20-03-2021

Macri

Por Pilar Rahola (*) – Columna del diario La Vanguardia

Pilar RaholaAyer participé, vía online, en la presentación del libro Primer tiempo , del ex presidente de Argentina Mauricio Macri. El acto fue tan transversal como plural la elección de oradores: Vargas Llosa, el ex presidente Sanguinetti, Fernando Savater y quien esto escribe, ideológicamente alejada de algunos de estos nombres. Nos unía, sin embargo, la convicción de que Macri fue el primer intento serio de cambiar el paradigma argentino, anclado desde hace más de cien años en un resiliente y letal populismo.

Es difícil imaginar un país con tantos recursos naturales y tanto talento humano, y, a la vez, tan dotado para el error político. A pesar de que los argentinos tienen un agudo sentido crítico, perceptible en los grandes escritores e intelectuales que han brillado en el mundo, ese sentido crítico no ha revertido en una masa social igualmente crítica.

Al contrario, en Argentina arraigó muy pronto un populismo que, como explica Ignacio Montes de Oca en su lúcido libro El fascismo argentino, bebió de las fuentes fascistas y que tuvo en Perón su máximo exponente.

Ese populismo peronista consiguió implantar la estructura del Estado paternalista que conciliaba una cierta idea de justicia social con una sumisión servil y sectaria al partido del Gobierno. “Un concepto religioso de la política”, en expresión precisa del propio Montes de Oca. Religioso, caudillista, mesiánico y, sobre todo, asentado en una sociedad concebida, no como un conjunto de ciudadanos, sino como una masa acrítica y dogmática. De ahí ha nacido la cultura del clientelismo sindical y la concepción de un poder magmático que, desde la Casa Rosada, controlaba al resto de poderes de la república, la opinión pública, la justicia, el Parlamento…

Los años del kirchnerismo fueron la última y más sórdida representación de ese poder autárquico que, mientras abusaba pornográficamente de la retórica del pueblo, creaba una estructura opaca, corrupta y despótica.
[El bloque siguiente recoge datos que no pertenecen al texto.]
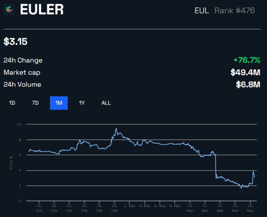 โทเค็น EUL ของ Euler Labs เพิ่มขึ้นมากกว่า 76% ใน 24 ชั่วโมงที่ผ่านมาเป็น 3.15 ดอลลาร์สหรัฐฯ ณ เวลาที่เขียน ตามข้อมูลของ BeInCrypto โทเค็น EUL ลดลงมากกว่า 48% หลังจากการเจาะระบบในวันที่ 13 มีนาคม 2023
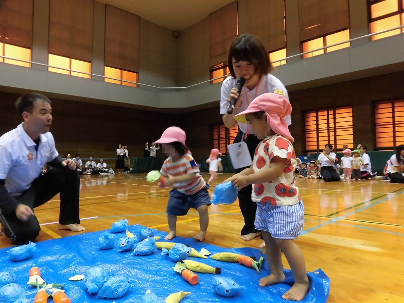 一つ目の競技は「えさやり競争」、みんながんばれぇー♪
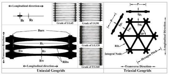 Table 4. Properties of the triaxial geogrids by the manufacturer, experimental tests, and numerical analysis.
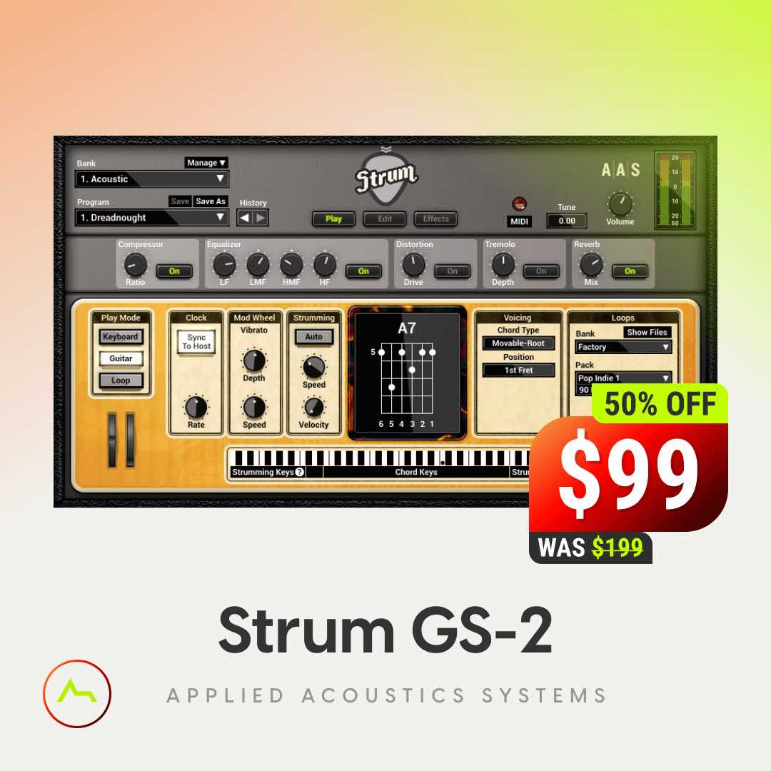「Strum GS-2」プラグイン単体+拡張サウンドパックの全部入りバンドル
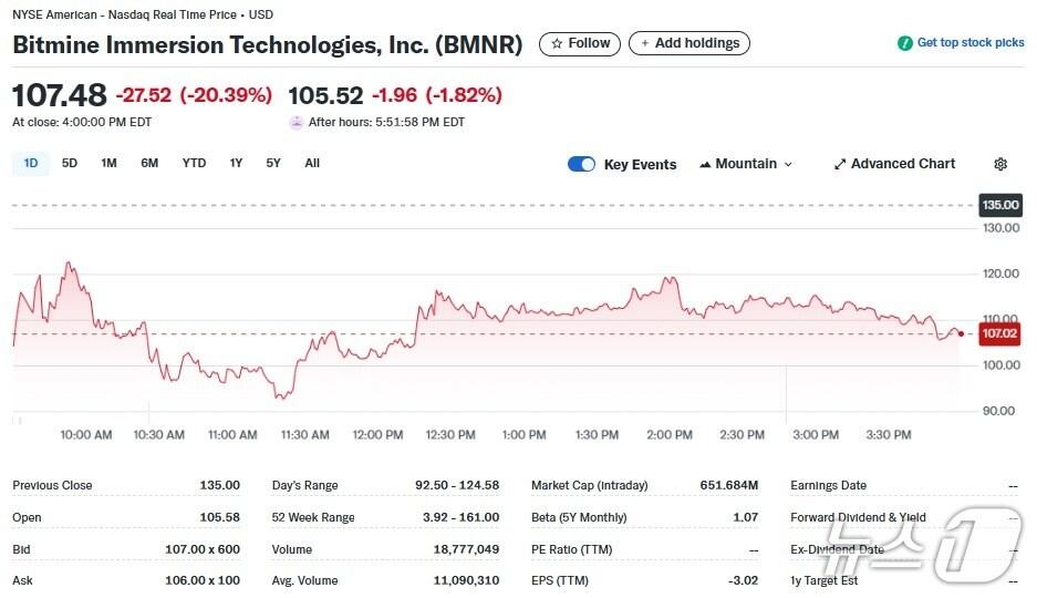 비트마인 일일 주가추이 - 야후 파이낸스 갈무리관련 키워드Blockchain.비트마인톰 리박형기 기자 18일 오전 6시 마이크론 실적 발표, 또 AI 주 급락하나中 GPU 업체 메타X 상장 첫날 주가 755%까지 폭등관련 기사비트마인 오늘도 40% 폭락, 거품 꺼지는 듯비트마인 또 27% 폭등, 5일간 무려 1238% 폭등

No era la corrupción, solamente, sino el artefacto político que la convertía en impune.

Otra cultura del poder, que también fuera otra cultura de la ciudadanía

El proyecto de Cambiemos y el propio liderazgo de Macri intentaron el milagro de dinamitar esa estructura opaca, cambiar el paradigma político y dotar a Argentina de “otra cultura del poder”, que, al tiempo, también fuera otra cultura de la ciudadanía. Sin duda, un objetivo tan ambicioso como imposible en un solo mandato. Al fin y al cabo, Macri forma parte de ese tipo de políticos que no piensan en las ­siguientes elecciones, sino en las siguientes generaciones. Por ello tienden a perder en el presente, pero plantan simientes que cambian el futuro.

(*) Escritora, periodista y política catalana. Columnista fija del diario La Vanguardia de Barcelona.